## Work to complete
Reproduction of part of the material below, pictures omitted: copy exactly, and only, the lines starting with the one with "of the product." and going on through the one with "#Concours - Pour".

## Supplied data
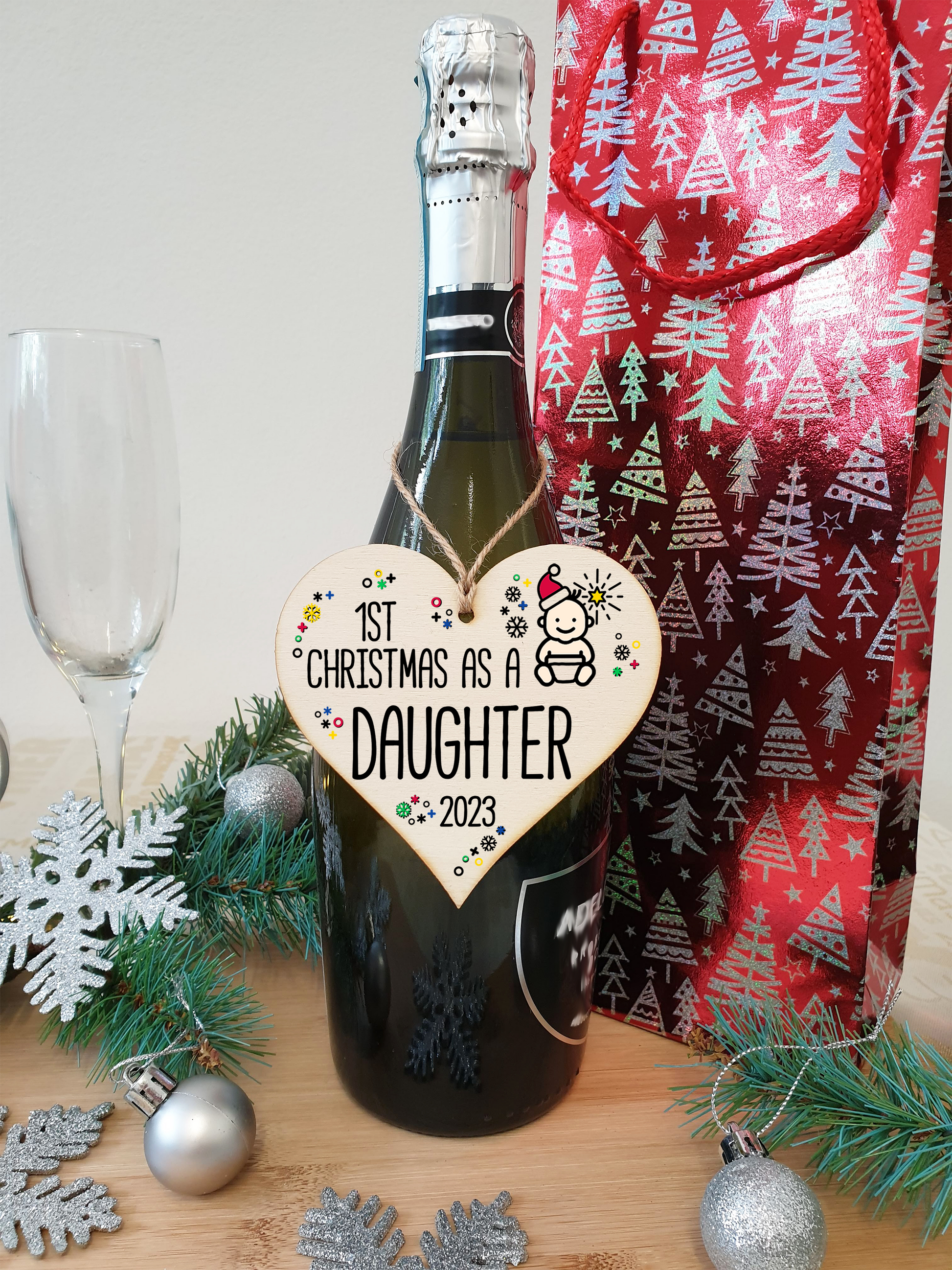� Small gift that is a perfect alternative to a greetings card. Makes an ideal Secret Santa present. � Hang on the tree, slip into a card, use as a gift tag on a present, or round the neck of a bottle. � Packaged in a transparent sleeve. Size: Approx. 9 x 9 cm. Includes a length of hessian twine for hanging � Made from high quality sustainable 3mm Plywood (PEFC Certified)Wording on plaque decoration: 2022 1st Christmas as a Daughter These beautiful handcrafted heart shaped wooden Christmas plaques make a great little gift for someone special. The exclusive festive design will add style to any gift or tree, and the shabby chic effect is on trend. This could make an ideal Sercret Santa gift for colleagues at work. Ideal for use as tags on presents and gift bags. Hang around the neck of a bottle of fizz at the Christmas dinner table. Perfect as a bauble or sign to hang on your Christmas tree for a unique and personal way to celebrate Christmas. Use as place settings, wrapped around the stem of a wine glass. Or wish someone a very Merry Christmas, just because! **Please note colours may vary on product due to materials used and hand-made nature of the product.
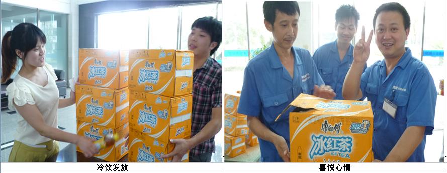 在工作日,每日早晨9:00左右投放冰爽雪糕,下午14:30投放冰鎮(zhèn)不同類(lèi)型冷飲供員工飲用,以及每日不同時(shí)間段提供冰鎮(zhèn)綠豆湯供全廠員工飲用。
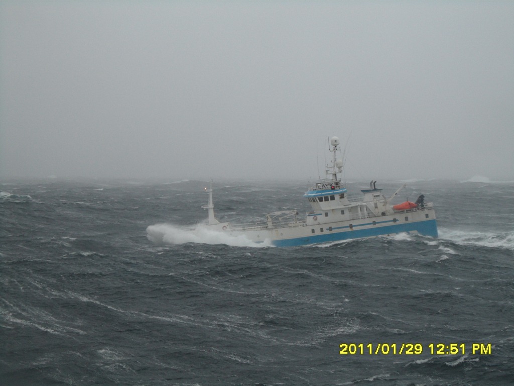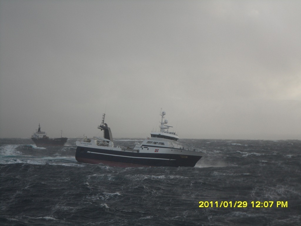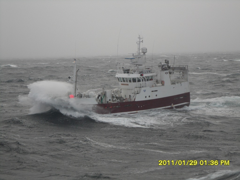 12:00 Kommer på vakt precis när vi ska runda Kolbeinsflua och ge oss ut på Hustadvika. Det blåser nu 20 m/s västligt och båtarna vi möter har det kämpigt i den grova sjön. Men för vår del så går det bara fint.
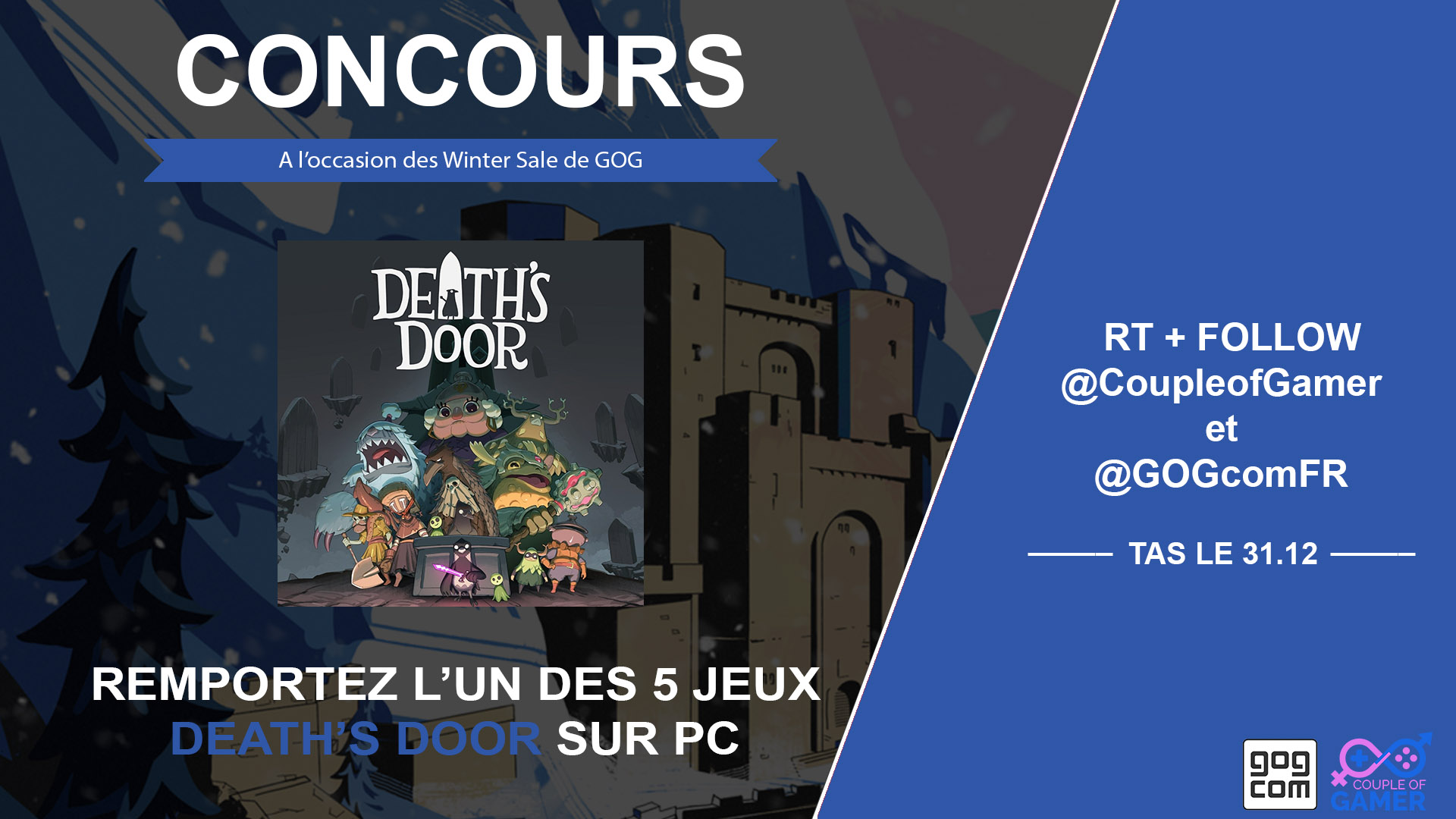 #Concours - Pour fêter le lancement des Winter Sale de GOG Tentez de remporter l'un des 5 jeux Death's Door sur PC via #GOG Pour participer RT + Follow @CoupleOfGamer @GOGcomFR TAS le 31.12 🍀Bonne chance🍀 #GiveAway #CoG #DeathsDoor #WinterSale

* * *

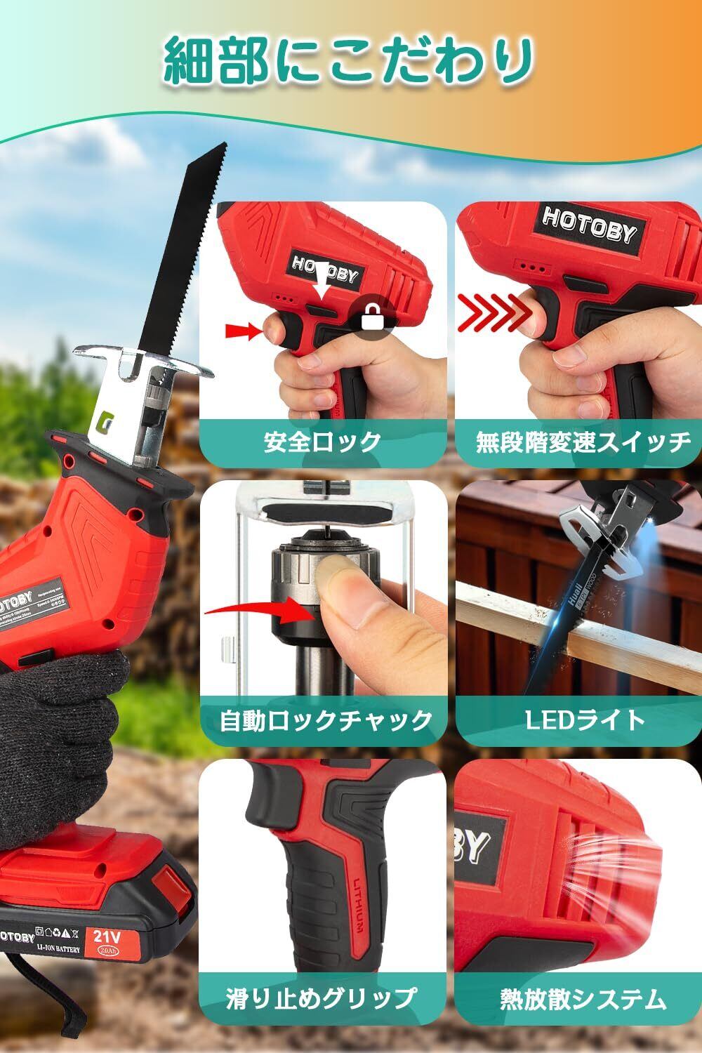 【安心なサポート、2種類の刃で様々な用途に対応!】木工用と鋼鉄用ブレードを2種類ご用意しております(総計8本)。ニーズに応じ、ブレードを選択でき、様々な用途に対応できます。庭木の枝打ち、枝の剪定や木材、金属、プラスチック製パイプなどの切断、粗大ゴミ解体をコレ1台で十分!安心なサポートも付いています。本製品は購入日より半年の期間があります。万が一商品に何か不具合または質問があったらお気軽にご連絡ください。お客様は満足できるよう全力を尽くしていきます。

## Response
� Small gift that is a perfect alternative to a greetings card. Makes an ideal Secret Santa present. � Hang on the tree, slip into a card, use as a gift tag on a present, or round the neck of a bottle. � Packaged in a transparent sleeve. Size: Approx. 9 x 9 cm. Includes a length of hessian twine for hanging � Made from high quality sustainable 3mm Plywood (PEFC Certified)Wording on plaque decoration: 2022 1st Christmas as a Daughter These beautiful handcrafted heart shaped wooden Christmas plaques make a great little gift for someone special. The exclusive festive design will add style to any gift or tree, and the shabby chic effect is on trend. This could make an ideal Sercret Santa gift for colleagues at work. Ideal for use as tags on presents and gift bags. Hang around the neck of a bottle of fizz at the Christmas dinner table. Perfect as a bauble or sign to hang on your Christmas tree for a unique and personal way to celebrate Christmas. Use as place settings, wrapped around the stem of a wine glass. Or wish someone a very Merry Christmas, just because! **Please note colours may vary on product due to materials used and hand-made nature of the product.
 在工作日,每日早晨9:00左右投放冰爽雪糕,下午14:30投放冰鎮(zhèn)不同類(lèi)型冷飲供員工飲用,以及每日不同時(shí)間段提供冰鎮(zhèn)綠豆湯供全廠員工飲用。
 12:00 Kommer på vakt precis när vi ska runda Kolbeinsflua och ge oss ut på Hustadvika. Det blåser nu 20 m/s västligt och båtarna vi möter har det kämpigt i den grova sjön. Men för vår del så går det bara fint.
 #Concours - Pour fêter le lancement des Winter Sale de GOG Tentez de remporter l'un des 5 jeux Death's Door sur PC via #GOG Pour participer RT + Follow @CoupleOfGamer @GOGcomFR TAS le 31.12 🍀Bonne chance🍀 #GiveAway #CoG #DeathsDoor #WinterSale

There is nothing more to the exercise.